> **Work instruction**
Beginning at the line containing "霸气十足大妈手持白色康乃馨与我们共进晚餐,不同桌", repeat each line below exactly up to and including the line containing "Hi @katsu , I’m". Do not repeat the pictures.

> **Provided data**

= = = = = = =

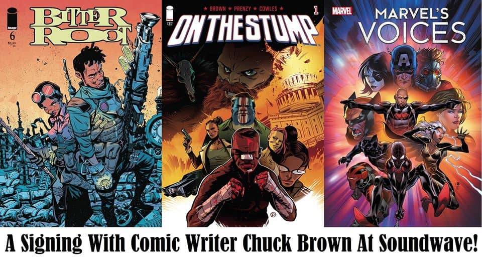 Writer Chuck Brown appears at Soundwave Comics on Saturday, March 7, 2020 from 11 AM – 4 PM for a signing. His titles include The Punisher, Black Panther, Rotten Apple, smash hit Bitter Root, The Quiet Kind, On The Stump, and Marvel’s Voices!
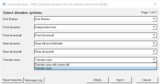 MotionViewの乗用車 / 小型トラックライブラリでは、フロントとリアのドライブシャフトを駆動するために粘性力が使用されます。メカニズムのタイプは、ウィザードによる選択を通して車両モデルを構築するときに、“4WD Driveline Systems”ページで選択できます。図 1. 4WD設定のトランスファーケースのオプション
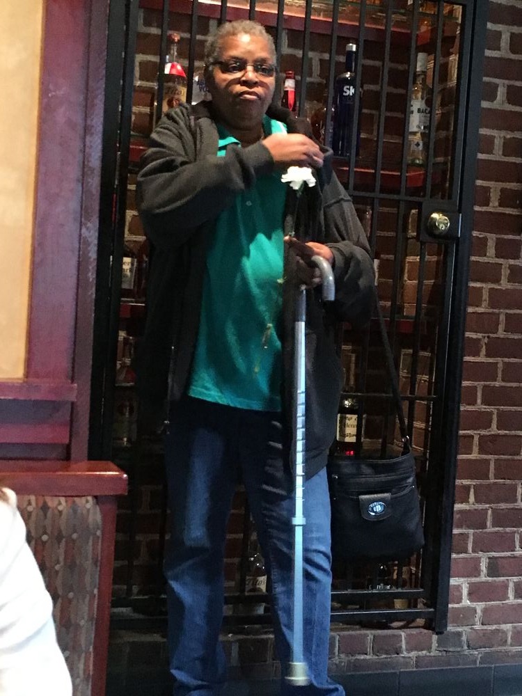 霸气十足大妈手持白色康乃馨与我们共进晚餐,不同桌
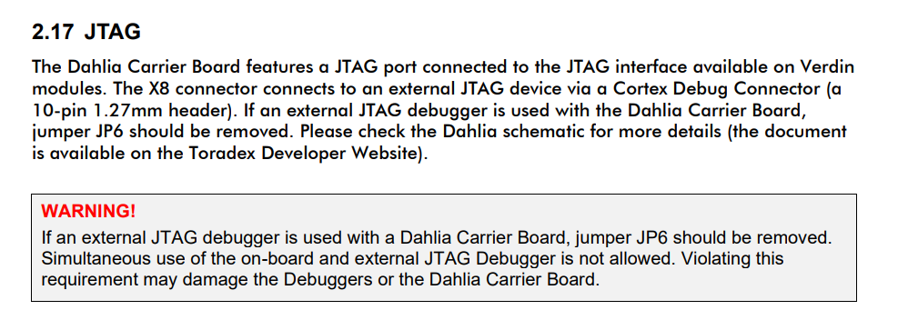 Hi @katsu , I’m checking more details on the JTAG and the connection with the i.MX8MM with the Dahlia. Essentially is the same than NXP EVK once you remove the JP6: Direct connection to the SOC.
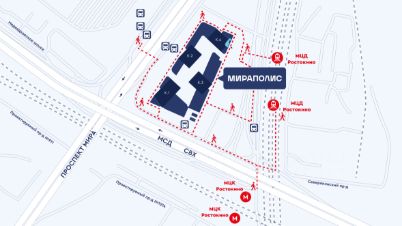 ТРАНСПОРТНАЯ ДОСТУПНОСТЬ. "Мираполис" расположен на проспекте Мира — крупной московской магистрали. По ней 8,2 км до Третьего транспортного и 11,5 км до Садового кольца. Рядом с кварталом проходит Московский скоростной диаметр (МСД). Удобная локация в 5 минутах на машине от станции метро "ВДНХ", в 400 м от МЦК "Ростокино" и быстрый выезд на главные транспортные магистрали позволяет всего за 30 мин. добраться до центра Москвы.
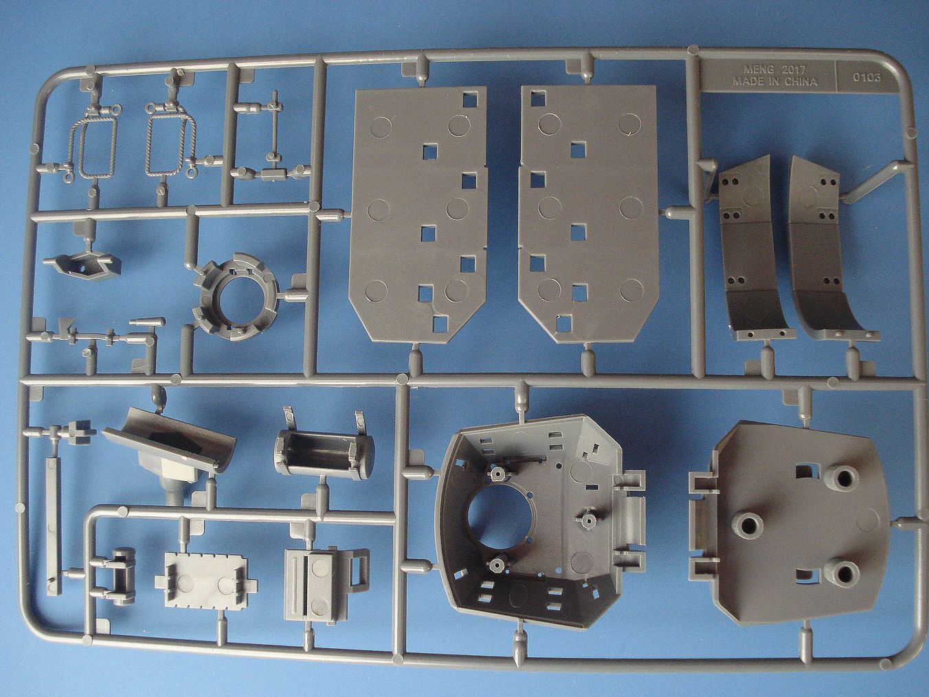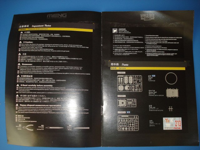 Модель упакована в плотной картонной коробке с боковой загрузкой,где находятся.4литника с деталями серого цвета.отдельно нижняя часть корпуса,виниловые гусеницы,4 втулки для катков,небольшая декаль(довольно бедноватая по сравнению с первыми 4-мя моделями) и инструкция на русском языке.
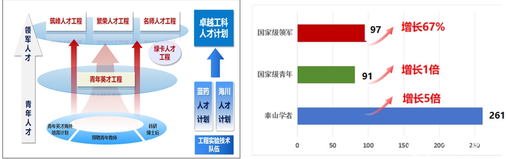 | 引育并举、专兼结合、梯次衔接的人才工程体系 | “十四五”以来高层次人才增长情况 |
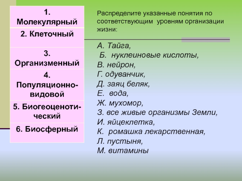 1 –Б,Е,М. 2- В,И. 3- Г,Ж. 4- Д,К. 5- А,Л. 6 -З.
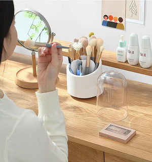 Product Description: Organize your cosmetics and accessories effortlessly with our Multifunction 360° Rotating Desktop Storage Box. Designed for convenience and style, this rotating organizer is perfect for bedrooms, parlors, and home offices. Ideal for girls and housewives, it keeps makeup brushes, small cream pouches, and makeup sponges tidy and accessible. Enhance your vanity or workspace with this versatile storage solution.

= = = = = = =

> **Solution for this task**
 霸气十足大妈手持白色康乃馨与我们共进晚餐,不同桌
 Hi @katsu , I’m checking more details on the JTAG and the connection with the i.MX8MM with the Dahlia. Essentially is the same than NXP EVK once you remove the JP6: Direct connection to the SOC.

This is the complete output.